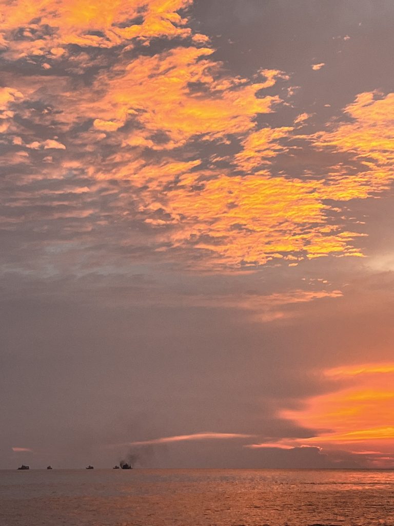 Und los geht’s. Das erste Mal überhaupt stürzen wir uns in die 30 Grad warmen Fluten. Zuerst schwimmen wir unter unser Boot und inspizieren den “Unterboden”. Sieht alles prima aus und das Wasser schimmert hier hellgrün. Jetzt geht’s rüber zum Strand. Ich schwimme zu den Felsen, die Motorboote immer fest im Blick. Puh, angekommen. Klaus schwimmt den längeren Weg direkt zum Strand, mutig! Zum Glück haben ich Badeschuhe an, denn die Felsen sind übersäht mit Muscheln, scharfkantigen Muscheln. Wie ne Oma krabbel ich da herum. Halt, ich bin ja auch eine Oma, nein, eine Omi. 😜 Zwischen den Felsen sind immer mal wieder kleine Priele und ich entdecke Seegurken und kleine Fischchen. Irgendwann komme ich auch am Strand an. Klaus ist längst da und wird sofort gefragt, wo wir denn her kommen? Aus Germany, ah, nein, wo wir jetzt herkämen? Von dem Boot da vorne. Was, von dem Boot, na ihr könnt wohl schwimmen… Ja, sollten wir! 😝 Aber stimmt schon, hier ist immer irgendwie Strömung und damit ist es nicht so ganz einfach an’s Ziel zu kommen. Herrlich der Strand, die Palmen, das Urwald Zierpsen der Grillen und die wirklich schönen Felsen. Gut! Und nun wieder zurück. Aua, was pikst mich da am Bein, am Arm und an der Brust??? Es zwickt und zwackt und brennt… Klaus hatte das schon beim Hinschwimmen. Blöd, nicht dramatisch aber unangenehm. Wie bei Brennnesseln… Wieder an Bord, abduschen und gleich mal googeln. Ahhh, nesselndes Plankton und/oder Mini Quallen. Beides mit bloßem Auge nicht zu erkennen, aber häufig in tropischen Gewässern. Na super … 🤪 Ich hab mich schon gefragt, warum die Einheimischen immer mit voller Montur in’s Wasser gehen. Die Frauen mit Kleid und Kopftuch, die Männer mit Shirts und Hosen… Also nicht n u r aus religiösen Gründen, sondern auch als Schutz gegen die Nesseln. Wieder was gelernt!
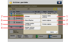 Se pulsa para imprimir una lista de los archivos guardados en un buzón.
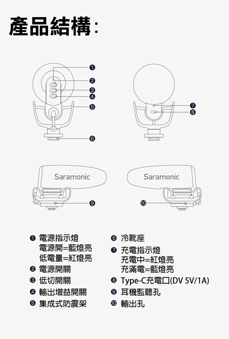 ■由內置電池和 USB-C(DC 5V/1A) 供電
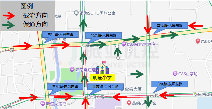 針對該學(xué)校特殊的地理位置,配時(shí)中心結(jié)合學(xué)生上學(xué)時(shí)間,提前預(yù)測堵點(diǎn),制定出“遠(yuǎn)端截流+近端疏散”的保障方案。以學(xué)校為中心,保障北京路-人民東路、北京路-東風(fēng)東路兩個(gè)路口南北向,白塔路-人民東路東西向的順暢通行,對青年路、白塔路匯流方向進(jìn)行截流。
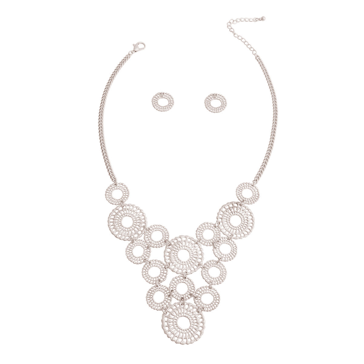 Silver Metal Chain Necklace Set Featuring Round Pattern Bib Detail. Bib measures 3 inches long
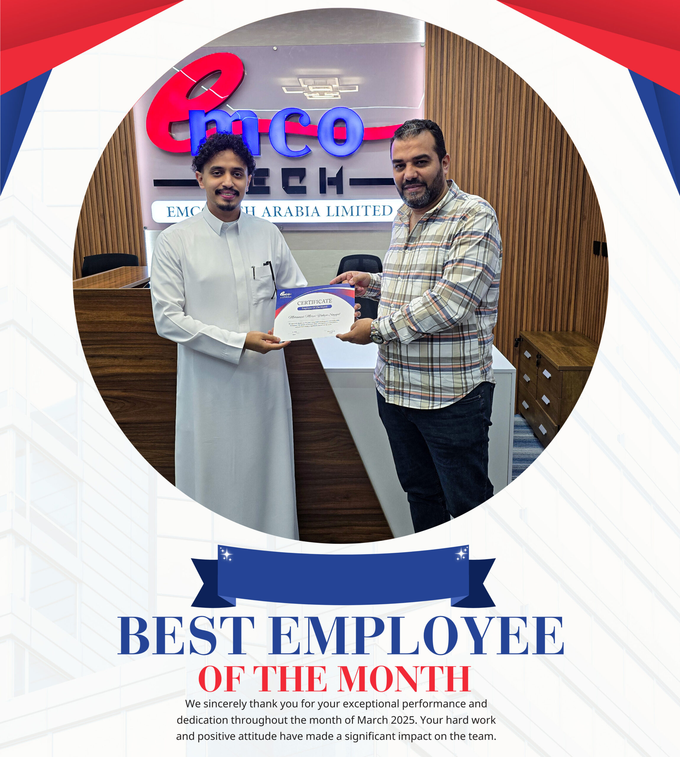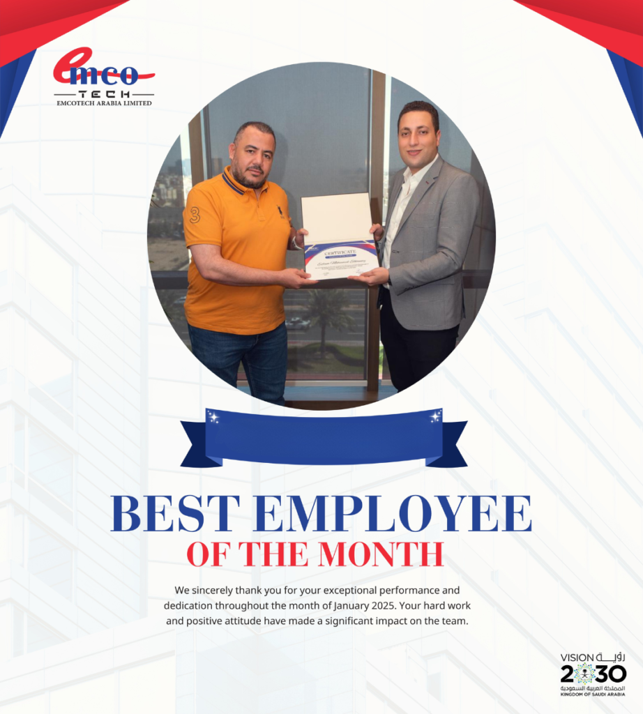 “Excellence is not a fleeting act, but a habit embodied by innovators. The management of EMCOTECH ARABIA expresses its pride in selecting the best employees each month, in recognition of their tangible contributions and their effective role in achieving the team’s goals efficiently and competently. We are proud that they are an inspiring role model for their colleagues, and we look forward to more successes together.”
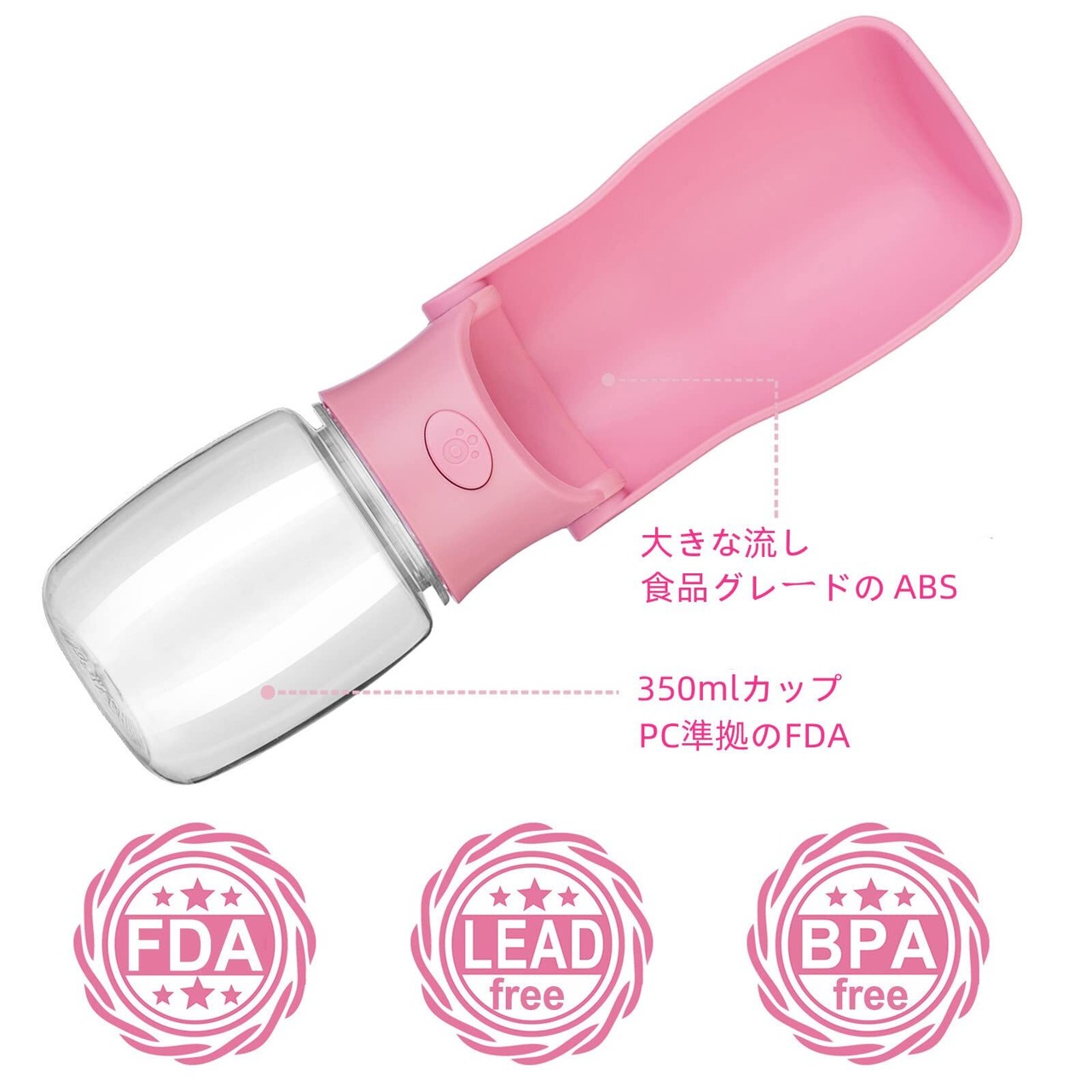 ペットウォーターボトル ポータブル犬 水筒 犬 散歩 水 折りたたみ式 犬 水飲み 散歩 漏れ防止水分補給が簡単屋外 ペット用品水飲みボトル350ml ピンク ペットの水筒…

§ **DESCRIPTION OF THE TASK**: Write the records out exactly, dropping every image.

§ **WRITTEN REPLY**:
 Und los geht’s. Das erste Mal überhaupt stürzen wir uns in die 30 Grad warmen Fluten. Zuerst schwimmen wir unter unser Boot und inspizieren den “Unterboden”. Sieht alles prima aus und das Wasser schimmert hier hellgrün. Jetzt geht’s rüber zum Strand. Ich schwimme zu den Felsen, die Motorboote immer fest im Blick. Puh, angekommen. Klaus schwimmt den längeren Weg direkt zum Strand, mutig! Zum Glück haben ich Badeschuhe an, denn die Felsen sind übersäht mit Muscheln, scharfkantigen Muscheln. Wie ne Oma krabbel ich da herum. Halt, ich bin ja auch eine Oma, nein, eine Omi. 😜 Zwischen den Felsen sind immer mal wieder kleine Priele und ich entdecke Seegurken und kleine Fischchen. Irgendwann komme ich auch am Strand an. Klaus ist längst da und wird sofort gefragt, wo wir denn her kommen? Aus Germany, ah, nein, wo wir jetzt herkämen? Von dem Boot da vorne. Was, von dem Boot, na ihr könnt wohl schwimmen… Ja, sollten wir! 😝 Aber stimmt schon, hier ist immer irgendwie Strömung und damit ist es nicht so ganz einfach an’s Ziel zu kommen. Herrlich der Strand, die Palmen, das Urwald Zierpsen der Grillen und die wirklich schönen Felsen. Gut! Und nun wieder zurück. Aua, was pikst mich da am Bein, am Arm und an der Brust??? Es zwickt und zwackt und brennt… Klaus hatte das schon beim Hinschwimmen. Blöd, nicht dramatisch aber unangenehm. Wie bei Brennnesseln… Wieder an Bord, abduschen und gleich mal googeln. Ahhh, nesselndes Plankton und/oder Mini Quallen. Beides mit bloßem Auge nicht zu erkennen, aber häufig in tropischen Gewässern. Na super … 🤪 Ich hab mich schon gefragt, warum die Einheimischen immer mit voller Montur in’s Wasser gehen. Die Frauen mit Kleid und Kopftuch, die Männer mit Shirts und Hosen… Also nicht n u r aus religiösen Gründen, sondern auch als Schutz gegen die Nesseln. Wieder was gelernt!
 Se pulsa para imprimir una lista de los archivos guardados en un buzón.
 ■由內置電池和 USB-C(DC 5V/1A) 供電
 針對該學(xué)校特殊的地理位置,配時(shí)中心結(jié)合學(xué)生上學(xué)時(shí)間,提前預(yù)測堵點(diǎn),制定出“遠(yuǎn)端截流+近端疏散”的保障方案。以學(xué)校為中心,保障北京路-人民東路、北京路-東風(fēng)東路兩個(gè)路口南北向,白塔路-人民東路東西向的順暢通行,對青年路、白塔路匯流方向進(jìn)行截流。
 Silver Metal Chain Necklace Set Featuring Round Pattern Bib Detail. Bib measures 3 inches long
 “Excellence is not a fleeting act, but a habit embodied by innovators. The management of EMCOTECH ARABIA expresses its pride in selecting the best employees each month, in recognition of their tangible contributions and their effective role in achieving the team’s goals efficiently and competently. We are proud that they are an inspiring role model for their colleagues, and we look forward to more successes together.”
 ペットウォーターボトル ポータブル犬 水筒 犬 散歩 水 折りたたみ式 犬 水飲み 散歩 漏れ防止水分補給が簡単屋外 ペット用品水飲みボトル350ml ピンク ペットの水筒…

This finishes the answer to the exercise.